Records:
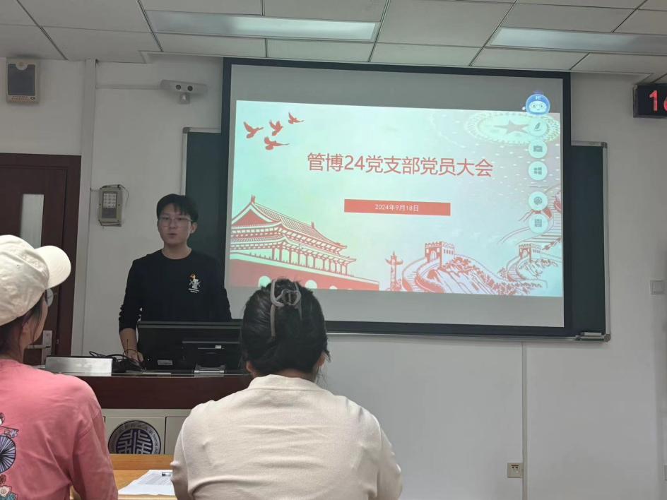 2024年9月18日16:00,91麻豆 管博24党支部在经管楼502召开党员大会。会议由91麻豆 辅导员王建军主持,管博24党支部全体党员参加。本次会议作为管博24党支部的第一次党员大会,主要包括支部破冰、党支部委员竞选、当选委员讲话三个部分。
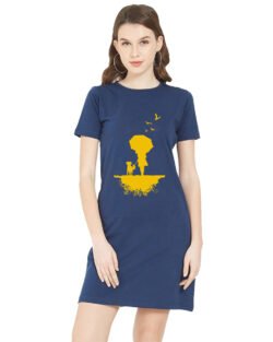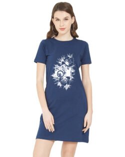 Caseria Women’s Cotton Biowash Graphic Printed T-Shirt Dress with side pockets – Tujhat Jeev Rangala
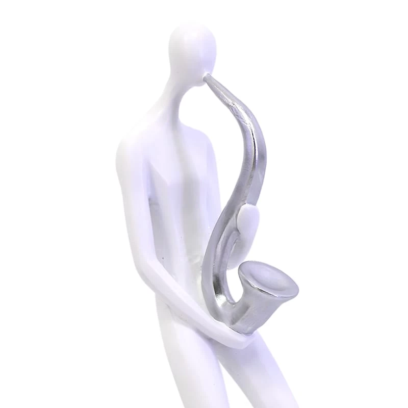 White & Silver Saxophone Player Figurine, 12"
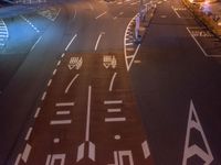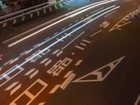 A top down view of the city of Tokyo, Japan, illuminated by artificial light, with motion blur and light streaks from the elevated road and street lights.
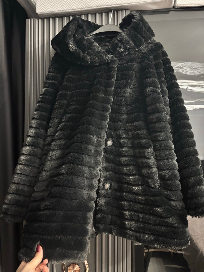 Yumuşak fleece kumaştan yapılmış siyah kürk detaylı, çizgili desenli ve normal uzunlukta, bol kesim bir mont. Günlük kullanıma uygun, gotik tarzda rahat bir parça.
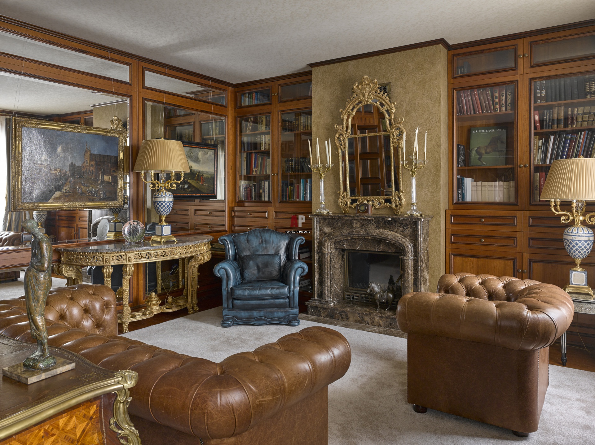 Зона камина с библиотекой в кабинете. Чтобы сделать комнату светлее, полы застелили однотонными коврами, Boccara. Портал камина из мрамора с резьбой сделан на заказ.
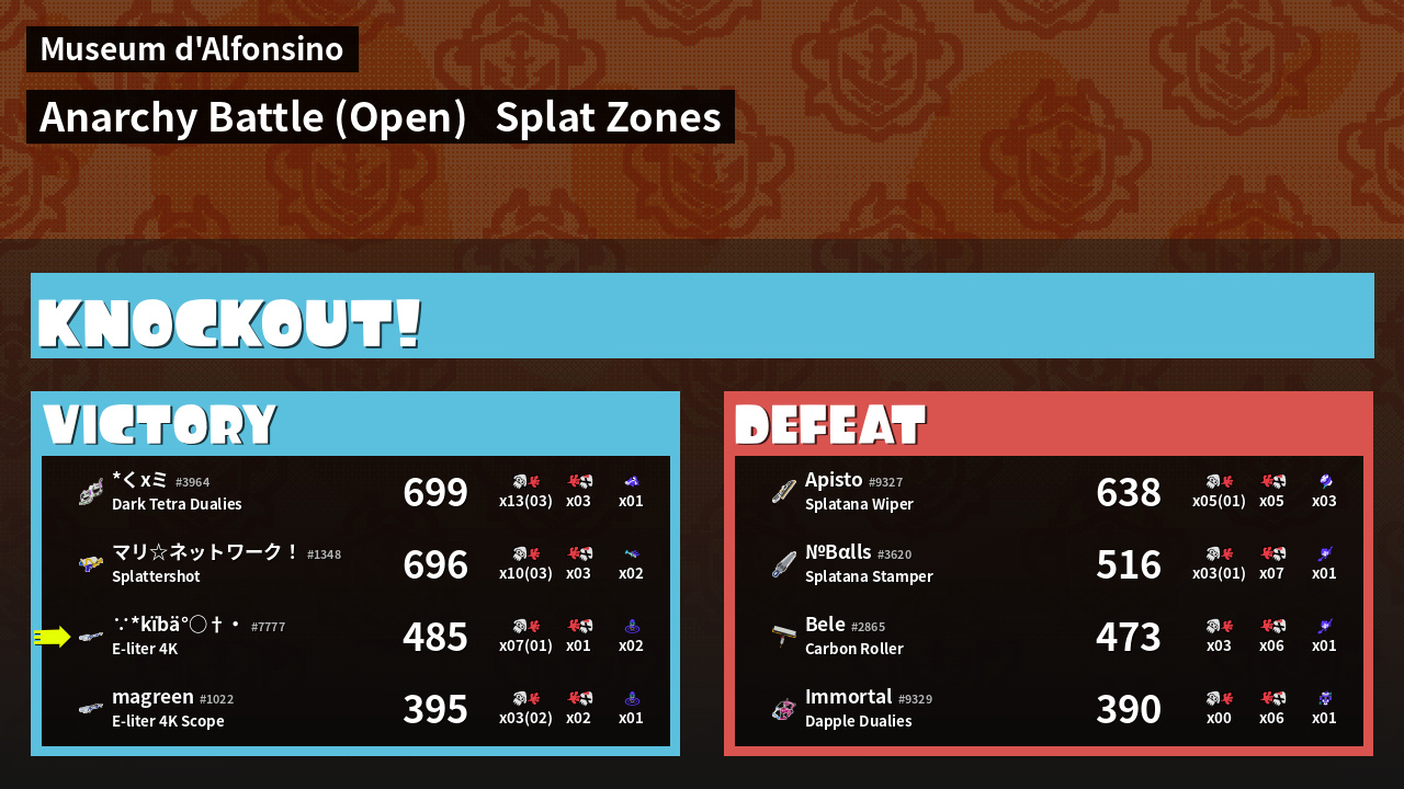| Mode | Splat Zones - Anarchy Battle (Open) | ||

* * *

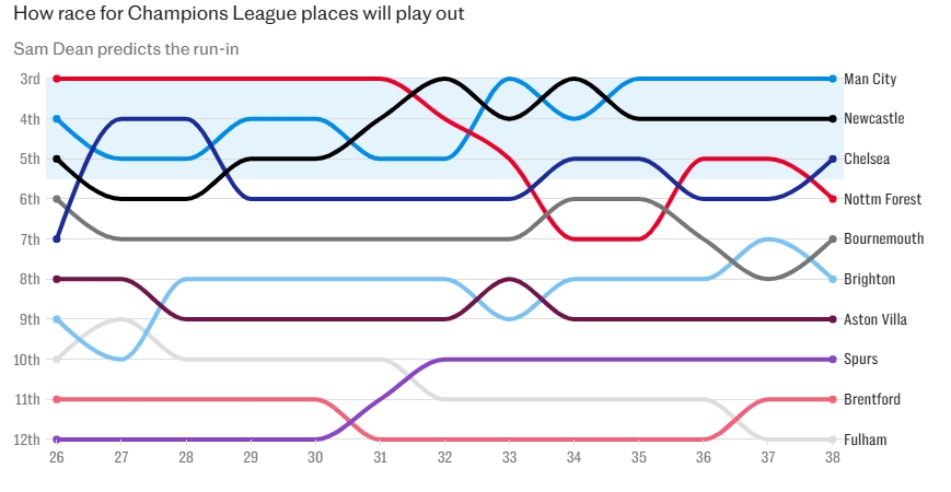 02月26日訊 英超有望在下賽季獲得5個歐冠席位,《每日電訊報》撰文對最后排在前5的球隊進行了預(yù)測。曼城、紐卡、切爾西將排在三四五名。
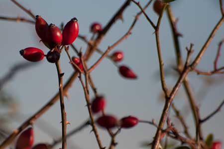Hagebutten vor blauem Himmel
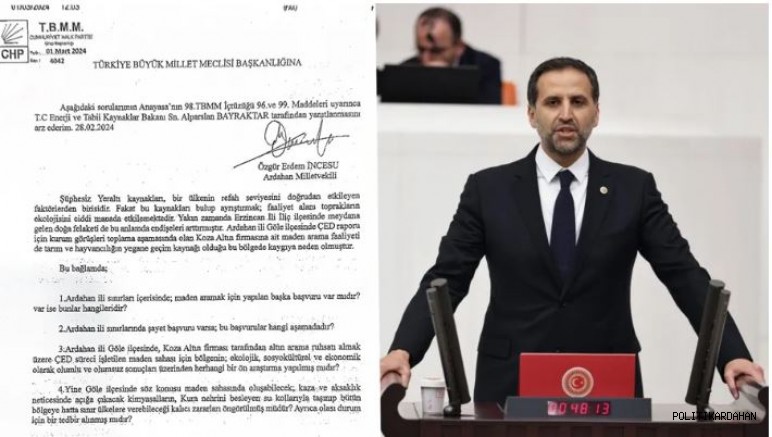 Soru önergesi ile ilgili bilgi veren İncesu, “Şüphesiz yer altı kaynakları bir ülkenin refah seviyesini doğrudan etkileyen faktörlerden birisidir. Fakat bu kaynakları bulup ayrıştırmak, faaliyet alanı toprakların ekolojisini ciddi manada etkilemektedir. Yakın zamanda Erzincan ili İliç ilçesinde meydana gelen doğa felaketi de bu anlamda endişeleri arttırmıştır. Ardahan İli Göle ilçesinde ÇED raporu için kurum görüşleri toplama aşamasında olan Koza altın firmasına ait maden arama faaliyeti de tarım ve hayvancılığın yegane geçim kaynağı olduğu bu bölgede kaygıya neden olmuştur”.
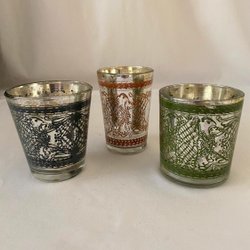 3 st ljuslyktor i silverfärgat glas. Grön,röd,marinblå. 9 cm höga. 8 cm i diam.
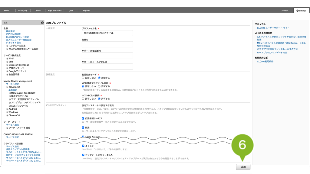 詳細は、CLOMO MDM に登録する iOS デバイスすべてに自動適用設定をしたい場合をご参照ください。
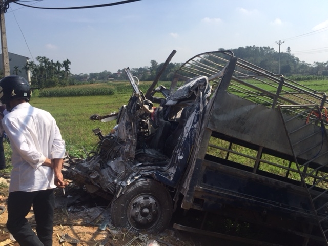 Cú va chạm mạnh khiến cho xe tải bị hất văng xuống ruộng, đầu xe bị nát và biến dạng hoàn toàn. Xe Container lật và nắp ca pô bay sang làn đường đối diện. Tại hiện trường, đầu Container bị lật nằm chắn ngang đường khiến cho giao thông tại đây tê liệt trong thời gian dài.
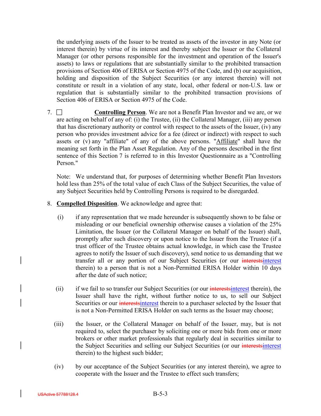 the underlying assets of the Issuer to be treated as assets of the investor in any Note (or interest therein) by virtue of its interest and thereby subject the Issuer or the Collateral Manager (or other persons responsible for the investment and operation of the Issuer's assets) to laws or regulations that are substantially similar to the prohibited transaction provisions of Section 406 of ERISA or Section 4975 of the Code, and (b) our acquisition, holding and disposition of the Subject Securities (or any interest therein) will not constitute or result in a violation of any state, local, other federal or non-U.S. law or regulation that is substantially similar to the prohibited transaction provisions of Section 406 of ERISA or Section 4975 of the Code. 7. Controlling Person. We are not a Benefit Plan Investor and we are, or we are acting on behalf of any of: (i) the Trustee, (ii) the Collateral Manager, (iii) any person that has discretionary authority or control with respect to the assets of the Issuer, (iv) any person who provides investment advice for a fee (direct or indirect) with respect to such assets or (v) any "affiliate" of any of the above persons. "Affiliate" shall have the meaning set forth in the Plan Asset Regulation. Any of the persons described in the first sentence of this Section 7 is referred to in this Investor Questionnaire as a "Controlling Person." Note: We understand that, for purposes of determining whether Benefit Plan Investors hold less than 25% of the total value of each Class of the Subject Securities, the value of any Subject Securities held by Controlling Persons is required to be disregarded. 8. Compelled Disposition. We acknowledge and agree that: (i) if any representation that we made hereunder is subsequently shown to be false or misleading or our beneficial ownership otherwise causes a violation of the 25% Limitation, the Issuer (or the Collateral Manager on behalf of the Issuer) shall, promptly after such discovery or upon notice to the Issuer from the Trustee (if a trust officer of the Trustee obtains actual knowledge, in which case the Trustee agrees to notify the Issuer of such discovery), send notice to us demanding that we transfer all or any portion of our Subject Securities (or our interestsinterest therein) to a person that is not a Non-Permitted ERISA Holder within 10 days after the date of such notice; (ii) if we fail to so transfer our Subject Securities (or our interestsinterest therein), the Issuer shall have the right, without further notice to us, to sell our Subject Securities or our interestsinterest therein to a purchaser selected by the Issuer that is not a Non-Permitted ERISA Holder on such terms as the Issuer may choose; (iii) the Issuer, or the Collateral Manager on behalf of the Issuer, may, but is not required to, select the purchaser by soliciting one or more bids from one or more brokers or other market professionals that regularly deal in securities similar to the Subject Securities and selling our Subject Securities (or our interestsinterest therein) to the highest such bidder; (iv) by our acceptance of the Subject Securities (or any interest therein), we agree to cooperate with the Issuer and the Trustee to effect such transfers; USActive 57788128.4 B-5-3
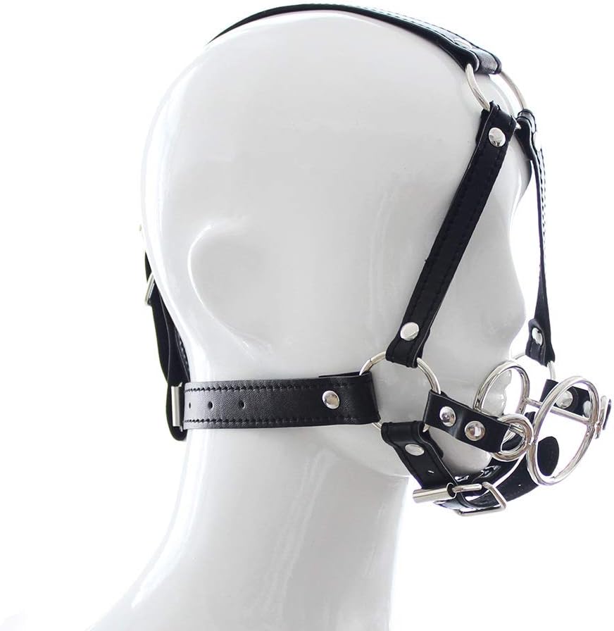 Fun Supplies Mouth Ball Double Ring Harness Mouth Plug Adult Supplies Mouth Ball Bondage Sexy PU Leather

---

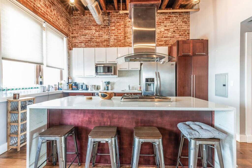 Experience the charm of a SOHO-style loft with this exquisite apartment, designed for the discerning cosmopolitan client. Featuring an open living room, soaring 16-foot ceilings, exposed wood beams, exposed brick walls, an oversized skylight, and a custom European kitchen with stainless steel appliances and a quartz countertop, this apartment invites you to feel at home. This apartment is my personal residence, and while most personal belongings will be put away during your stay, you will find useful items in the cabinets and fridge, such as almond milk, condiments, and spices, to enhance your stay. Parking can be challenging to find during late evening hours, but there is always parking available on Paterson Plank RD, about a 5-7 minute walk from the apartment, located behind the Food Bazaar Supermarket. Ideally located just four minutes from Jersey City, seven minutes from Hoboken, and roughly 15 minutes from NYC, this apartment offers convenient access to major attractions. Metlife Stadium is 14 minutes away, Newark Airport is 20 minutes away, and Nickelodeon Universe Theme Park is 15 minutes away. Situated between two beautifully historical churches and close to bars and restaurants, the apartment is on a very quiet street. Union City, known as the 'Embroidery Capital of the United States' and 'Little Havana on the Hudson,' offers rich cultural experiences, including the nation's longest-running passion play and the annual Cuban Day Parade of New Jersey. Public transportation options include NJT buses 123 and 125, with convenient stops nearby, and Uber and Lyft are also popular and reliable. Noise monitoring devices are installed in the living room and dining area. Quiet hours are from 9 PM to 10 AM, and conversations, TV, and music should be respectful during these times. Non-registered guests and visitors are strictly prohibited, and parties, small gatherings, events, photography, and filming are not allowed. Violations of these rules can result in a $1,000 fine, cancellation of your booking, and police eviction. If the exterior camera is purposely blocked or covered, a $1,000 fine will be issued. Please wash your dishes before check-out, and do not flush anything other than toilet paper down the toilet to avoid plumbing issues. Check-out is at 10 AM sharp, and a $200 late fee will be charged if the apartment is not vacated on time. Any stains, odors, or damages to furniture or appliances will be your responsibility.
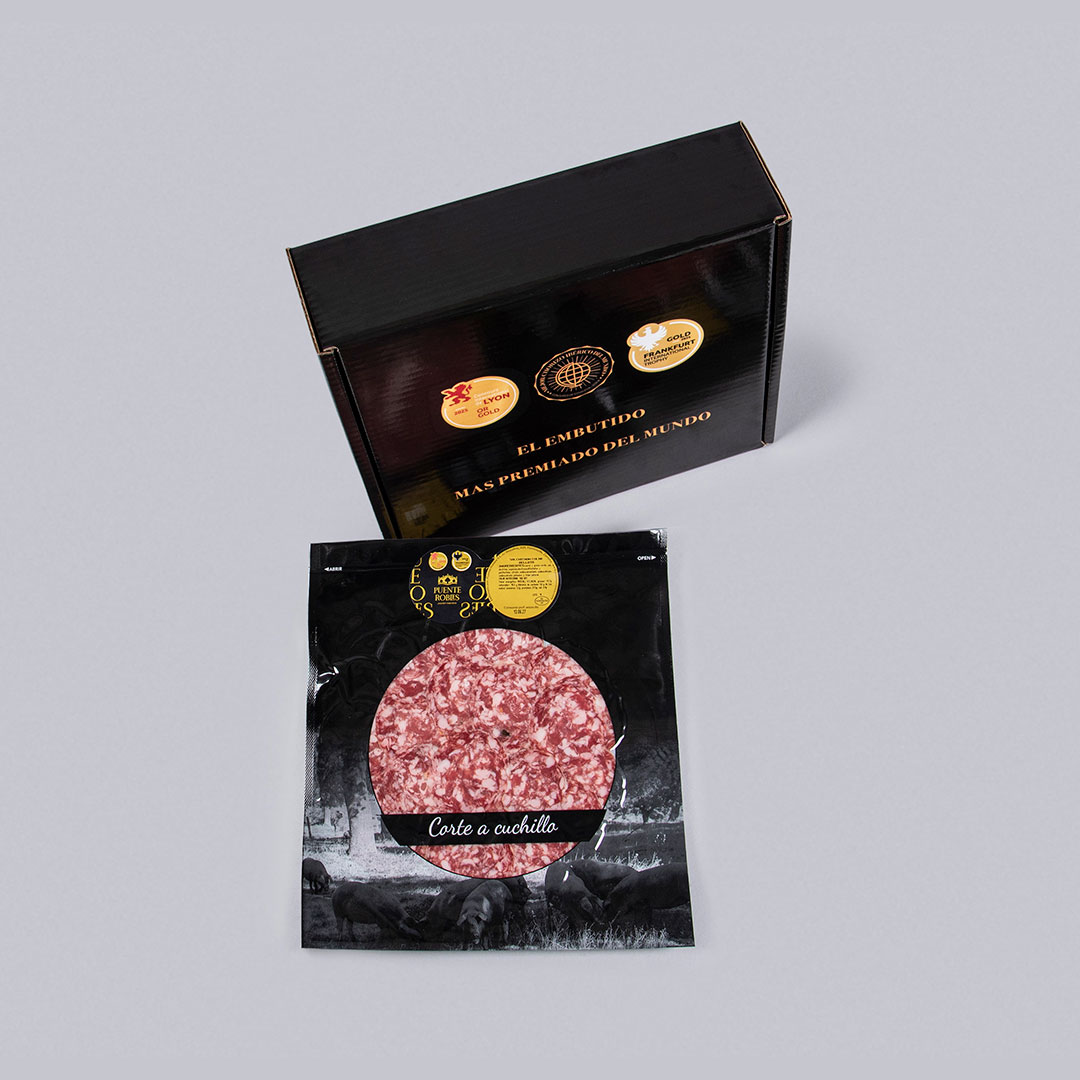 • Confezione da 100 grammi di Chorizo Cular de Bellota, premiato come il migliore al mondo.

Assignment:
Each line above that falls between the line with "02月26日訊 英超有望在下" and the line with "Soru önergesi ile" should be printed exactly, together with those two lines, but the pictures should not.

Solution to this exercise:
 02月26日訊 英超有望在下賽季獲得5個歐冠席位,《每日電訊報》撰文對最后排在前5的球隊進行了預(yù)測。曼城、紐卡、切爾西將排在三四五名。
Hagebutten vor blauem Himmel
 Soru önergesi ile ilgili bilgi veren İncesu, “Şüphesiz yer altı kaynakları bir ülkenin refah seviyesini doğrudan etkileyen faktörlerden birisidir. Fakat bu kaynakları bulup ayrıştırmak, faaliyet alanı toprakların ekolojisini ciddi manada etkilemektedir. Yakın zamanda Erzincan ili İliç ilçesinde meydana gelen doğa felaketi de bu anlamda endişeleri arttırmıştır. Ardahan İli Göle ilçesinde ÇED raporu için kurum görüşleri toplama aşamasında olan Koza altın firmasına ait maden arama faaliyeti de tarım ve hayvancılığın yegane geçim kaynağı olduğu bu bölgede kaygıya neden olmuştur”.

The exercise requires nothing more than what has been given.